Problem 2: It's heavily scheme-dependent
Outside zone schemes often produce higher YPC than power running schemes, regardless of RB talent.
Problem 3: It rewards volatility over consistency
A back with carries of 1, 1, 1, 1, 16 yards (YPC = 4.0) appears equal to one with 4, 4, 4, 4, 4 yards (YPC = 4.0). But the consistent back is more valuable—football rewards moving the chains.
Problem 4: It conflates the line with the back
The offensive line creates (or doesn't create) the initial running lanes. YPC reflects O-line performance as much as RB skill.
The Distribution of Rushing Plays
Rushing outcomes follow a particular pattern:
# Analyze rushing outcome distribution
rushes = pbp[pbp['rush_attempt'] == 1]
# Create yard buckets
rushes['yard_bucket'] = pd.cut(
rushes['yards_gained'],
bins=[-50, -1, 0, 3, 5, 10, 20, 100],
labels=['Loss', '0', '1-3', '4-5', '6-10', '11-20', '21+']
)
distribution = rushes['yard_bucket'].value_counts(normalize=True).sort_index()
print("Rushing Outcome Distribution:")
print(distribution.round(3))
Typical distribution: - ~20% of rushes gain 0 or lose yards - ~35% gain 1-3 yards - ~20% gain 4-5 yards - ~15% gain 6-10 yards - ~10% gain 11+ yards
Most rushes cluster in a narrow, low-yardage band. The occasional explosive run inflates YPC while masking the high frequency of stuffed plays.
The Problem with Rushing Touchdowns
Rushing touchdowns seem like a measure of production, but they're largely a function of:
- Team red zone possessions (how often does the offense get close?)
- Goal-line opportunities (scheme and game script)
- Randomness (small sample sizes)
A back on a good offense with conservative goal-line plays will score more than a better back on a worse team. TDs tell us more about opportunity than ability.
7.3 EPA-Based Rushing Metrics
Expected Points Added for Rushes
EPA measures the change in expected points from before to after a play. For rushing:
def calculate_rush_epa(pbp: pd.DataFrame, min_carries: int = 100) -> pd.DataFrame:
"""Calculate EPA-based rushing metrics."""

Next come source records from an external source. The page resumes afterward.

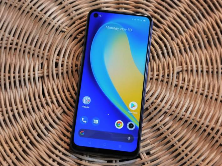 برند ریلمی شاید بهنسبت برندهای مطرح دیگر در کشور چندان در بین کاربران شناخته شده نباشد، اما بدون هیچ تعریف اضافی باید بگوییم که گوشیهای هوشمند این برند، توانستهاند تا به امروز با بهره بردن از مشخصات فنی مناسب، عملکرد بسیار خوبی را بهنمایش بگذارند. یکی از گوشیهای میانرده و باکیفیت این شرکت، مدل Realme 7 5G است. در نمای روبهرویی صفحهنمایش یکدست و جذابی را شاهد هستید که به طراحی زیبای ناچ اینفینیتی O مجهز شده است. بریدگی دایرهای شکل ناچ در قسمت بالایی و گوشه سمت چپ صفحهنمایش، سنسور دوربین سلفی را در خود جای داده است. به نسبت حاشیههای کمی برای صفحهنمایش در نظر گرفته شده است و ۸۳.۷ درصد از نمای روبهرویی را صفحهنمایش به خودش اختصاص داده است.
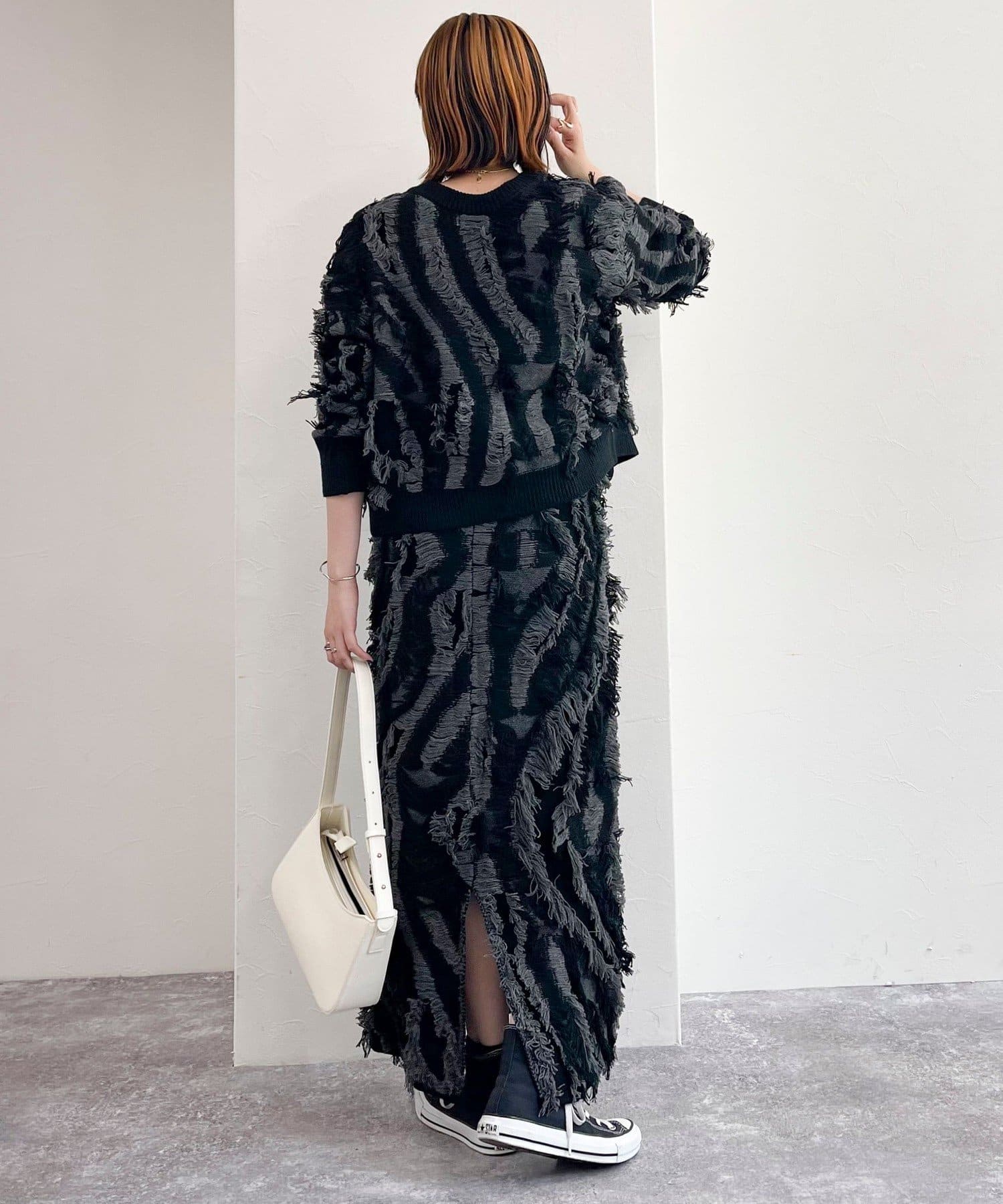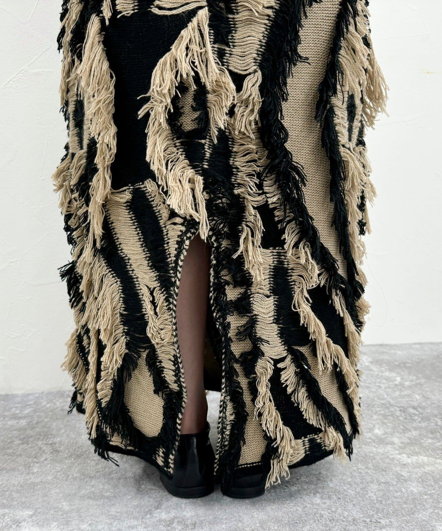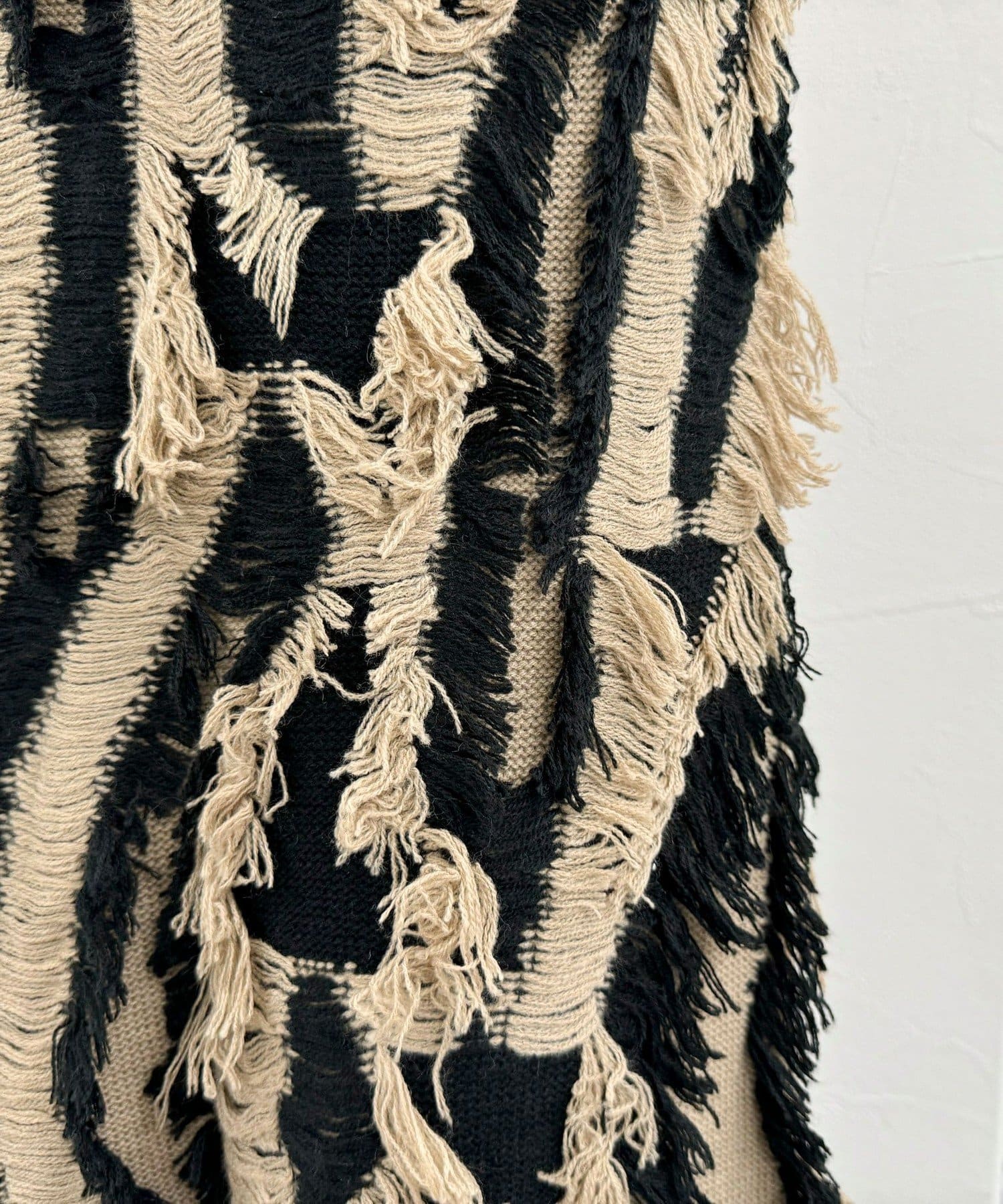 (【4-0385-5-22-001】カットフリンジジャガード2WAYカーディガン)
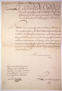 - Louis Joseph de BOURBON Prince de CONDÉ (1736-1818) Prince de Sang Pair et Grand-Maître de France, Gouverneur et Lieutenant-Général pour le Roy en ses Provinces de BOURGOGNE et BRESSE. Chef de l'Armée des Émigrés: Pièce signée du Prince de...
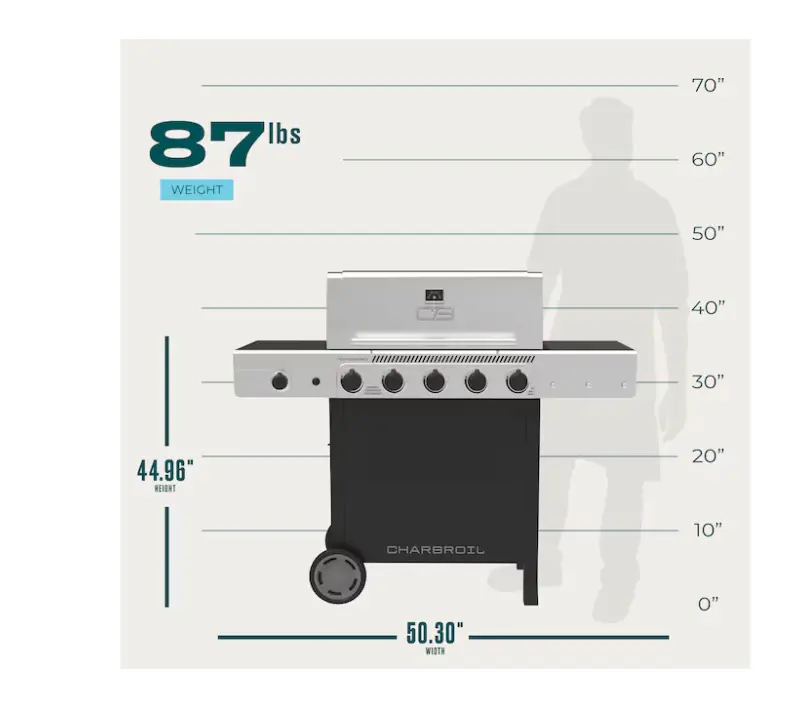 This grill features a robust 5-burner setup, ideal for large gatherings. It provides ample cooking space for multiple dishes simultaneously. Perfect for family events or parties, this grill ensures everyone gets their favorite meal.
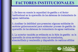Este documento trata sobre los sistemas de tratamiento de aguas residuales en Colombia. Presenta algunos sistemas como reactores anaeróbicos y lagunas de maduración, destacando sus ventajas y desventajas. También analiza los factores sociales, económicos, técnicos, culturales, ecológicos, políticos y legislativos que afectan la implementación de estos sistemas, resaltando la importancia de políticas y leyes acordes a las necesidades comunitarias para mejorar el tratamiento de aguas residuales.
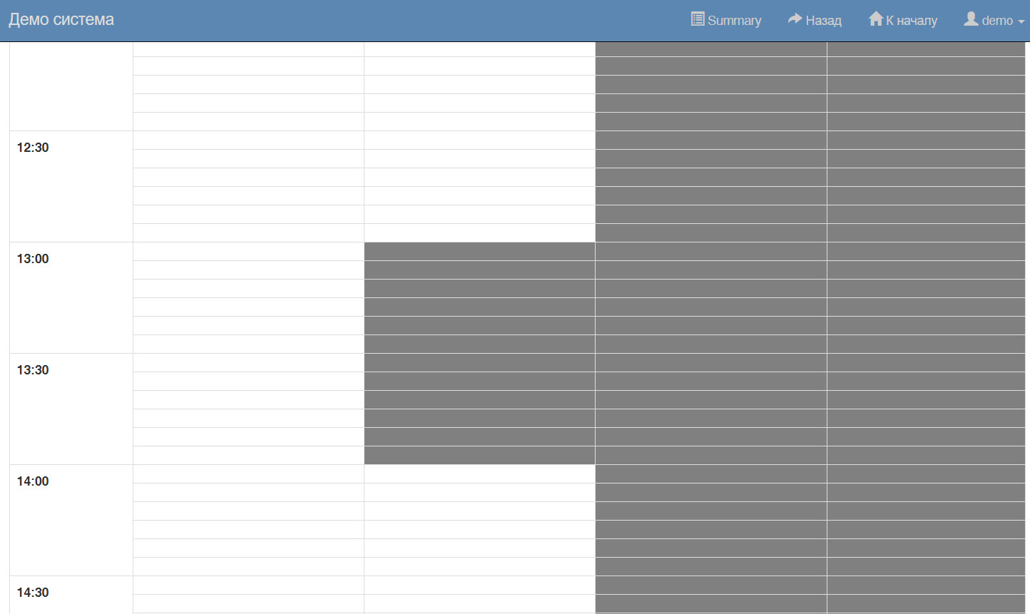 Сама запись осуществляется через сетку, где для каждого дня недели отображается клетка для записи. Белые клетки- доступные места записи, Зеленые - уже записанные пациенты(отображается также фамилия записанного), и серые - недоступные времена записи. Сама запись осуществляется щелчком по ячейке и либо вводом фамилии, имени, отчества и даты рождения, либо, если пациент, знает номер карты - по номеру карты.
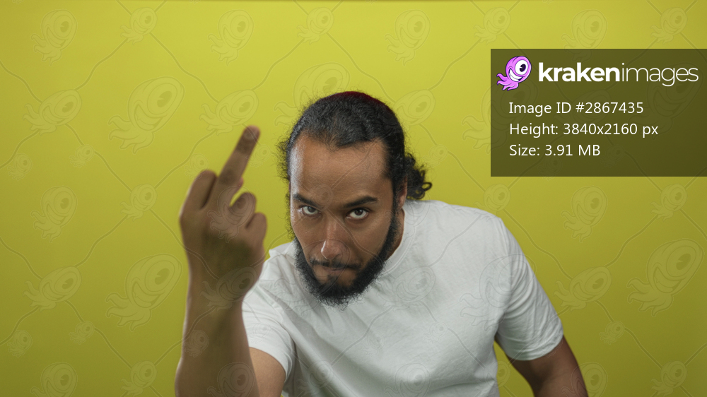 Man showing middle finger and scowling in studio with yellow backdrop, wearing t shirt; anger defiance.

rushes = pbp[pbp['rush_attempt'] == 1].copy()
rb_stats = (rushes
.groupby('rusher_player_name')
.agg(
carries=('rush_attempt', 'sum'),
total_epa=('epa', 'sum'),
epa_per_carry=('epa', 'mean'),
yards=('yards_gained', 'sum'),
ypc=('yards_gained', 'mean'),
success_rate=('epa', lambda x: (x > 0).mean()),
first_down_rate=('first_down', 'mean'),
td_rate=('rush_touchdown', 'mean'),
fumble_rate=('fumble_lost', 'mean')
)
.query(f'carries >= {min_carries}')
.sort_values('epa_per_carry', ascending=False)
.round(3)
)
return rb_stats
Interpreting Rush EPA
Unlike passing, where positive EPA is common, the average rushing play has negative EPA. This means:
| EPA/Carry | Interpretation |
|---|---|
| > 0.05 | Excellent |
| 0.00 to 0.05 | Above average |
| -0.10 to 0.00 | Average |
| -0.15 to -0.10 | Below average |
| < -0.15 | Poor |
Key insight: An RB with 0.00 EPA/carry is well above average! Breaking even is impressive in an inherently negative-value play type.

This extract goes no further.